Thanks! I have attached my current results – completely untested, and
I'm rather sure that it won't work...
Parts marked with 'XXX' are places where I am completely clueless what
to do.
Finally, I wonder how this could be tested on various platforms.
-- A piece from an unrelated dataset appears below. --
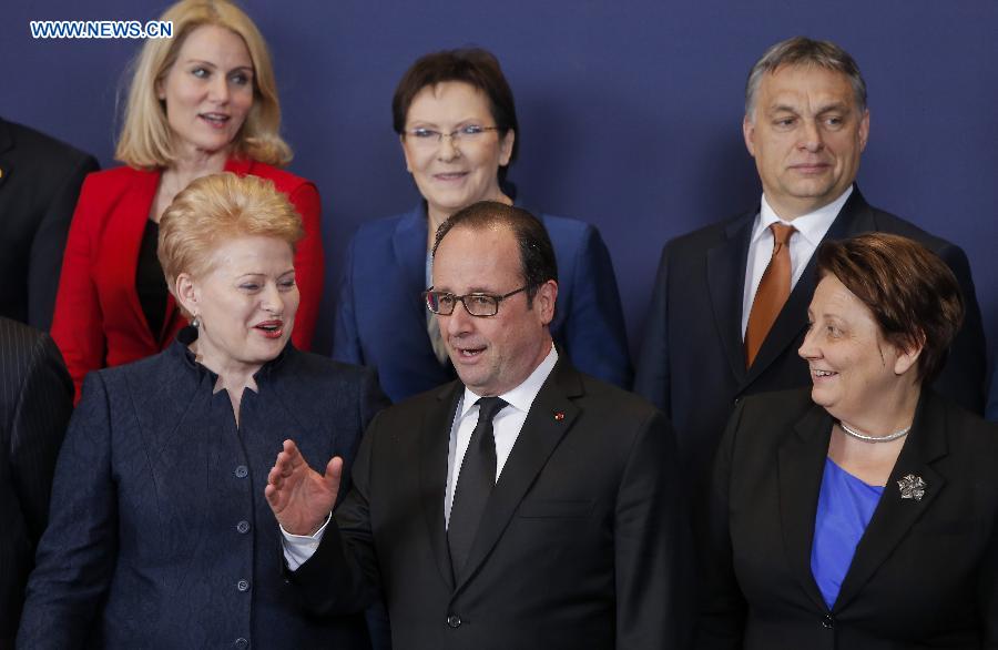 French President Francois Hollande (C, front) talks with Lithuanian President Dalia Grybauskaite (L, front) while attending the family photo session of European Union (EU) summit in Brussels, Belgium, on March 19, 2015. European heads of state gathered here to hold the regular spring summit debate Thursday, with development of the Energy Union, situation in Ukraine, relations with Russia, and the EU's economic situation top on the agenda.(Xinhua/Zhou Lei)
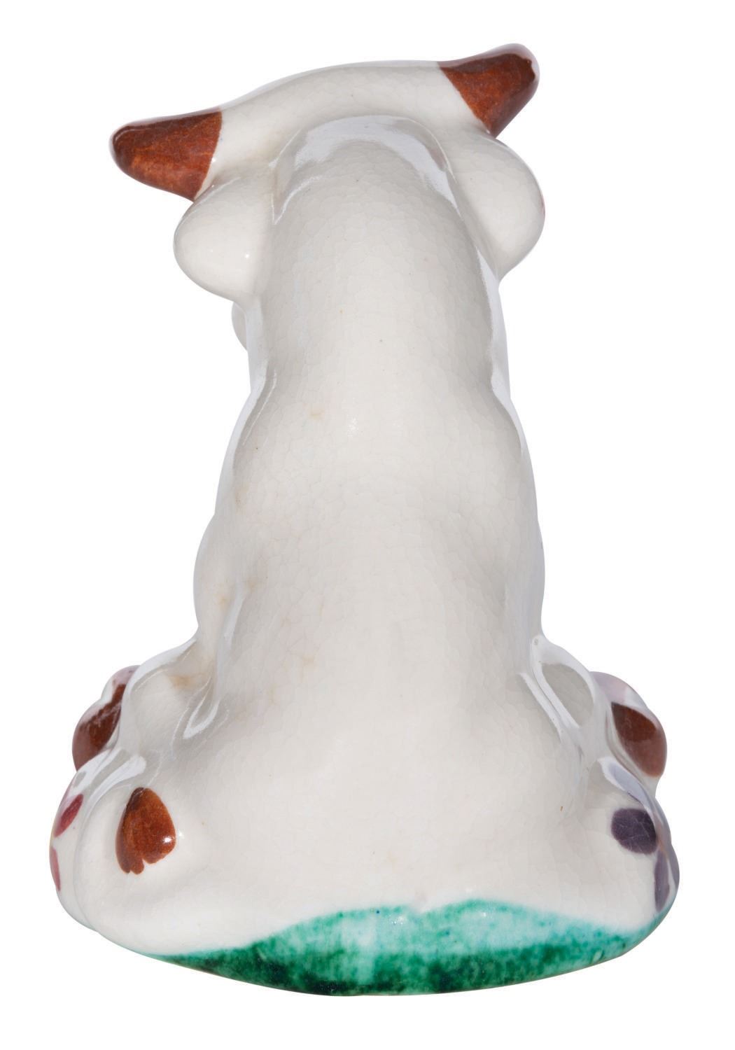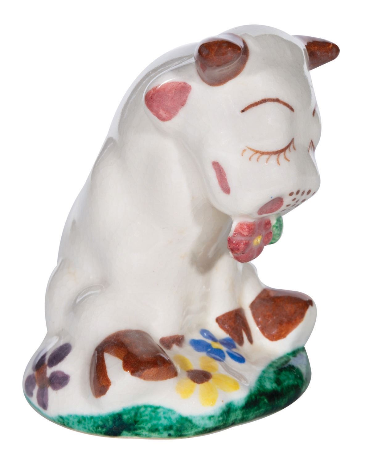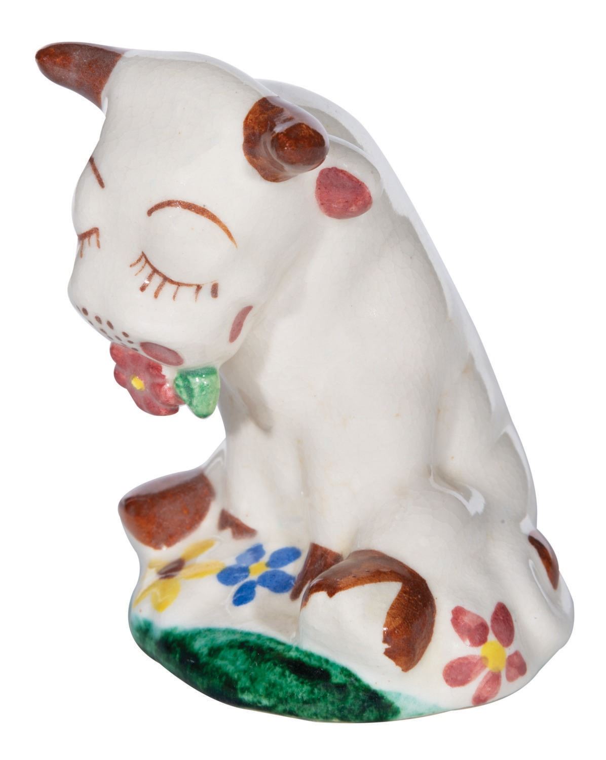 (1930's) A ceramic figure of Ferdinand the Bull. While this bears a strong resemblance to de Lee Art figures, it does not bear their copyright stamp on the bottom, and slight differences suggest this is an imitator. Measuring 4" tall, the figure is in very good condition with light crazing.

Is
there an OS 'farm' to which a configure script could be sent,
collecting all results of them?
Werner
dnl locale-c-utf8.m4 -*-shell-script-*-
dnl Copyright (C) 2003, 2005-2018, 2022 Free Software Foundation, Inc.
dnl
dnl This file is free software; the Free Software Foundation
dnl gives unlimited permission to copy and/or distribute it,
dnl with or without modifications, as long as this notice is preserved.
dnl From Bruno Haible and Werner Lemberg.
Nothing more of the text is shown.